Coordinated Israel Border Breeches on "Nakba" Day suggest Iranian hand

Syrians stream over the border fence challenging Israel's sovereignty

Syrian Border Violence -Anthony Shadid

For 37 years the border between Israel and Syria, still technically at war, has proven as quiet as any of the Arab-Israeli frontiers silenced by peace agreements. [T]he Syrian government, which controls access to the border, allowed crowds to venture to a place it had all but declared off limits until now.  [F]or the first time in his 11-year reign, Mr. Assad demonstrated to Israel, the region and world that in an uprising that has posed the greatest threat to his family’s four decades of rule, he could provoke war to stay in power.
[New York Times]

[T]he IDF dealt with four simultaneous fronts - Syria, Lebanon, Gaza, and the West Bank.  While all expectations were for violence in the West Bank, it turned out to be the quietest of the four.
(Jerusalem Post)

Arab Protesters Descend on Israeli Borders

Thousands of Arab protesters marched on Israel's borders with Syria, Lebanon and Gaza on Sunday in an unprecedented wave of demonstrations, in an annual Palestinian mourning ritual marking the anniversary of Israel's birth.

At the Syrian frontier, thousands of people approached the border, throwing rocks and bottles at Israeli forces.
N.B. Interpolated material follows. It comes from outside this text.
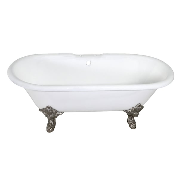 Clawfoot Bathtubs, 72 L, 31.88 W, White/Brushed Nickel, Cast Iron
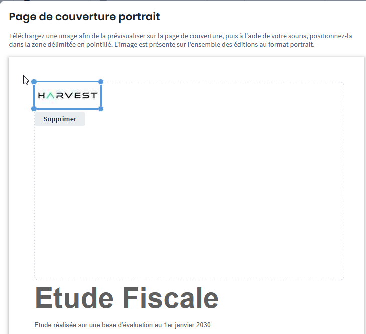 Vous visualisez immédiatement un aperçu de la page de couverture avec le logo inséré. Vous pouvez ensuite redimensionner l’image et la positionner librement à l’intérieur de la zone délimitée par des pointillés, en la faisant glisser à l’endroit souhaité.

When hundreds of people burst across the border fence into the Israeli-controlled town of Majdal Shams, surprised soldiers opened fire. Syrian forces did not intervene.

At the Lebanese border near Maroun al-Ras, Israeli troops clashed with a large crowd of Lebanese demonstrators who approached the border. In Gaza, demonstrators were wounded as they tried to approach a heavily fortified border crossing into Israel.

Inside Israel, an Arab truck driver in Tel Aviv plowed through a crowded street, killing one Israeli and injuring 16 others.
(AP-Fox News)

Israel Sees "Fingerprints of Iran" on Border Riots

IDF Spokesman Brig. Gen. Yoav Mordechai said, "I see fingerprints of Iranian provocation and an attempt to use Nakba day to create conflict."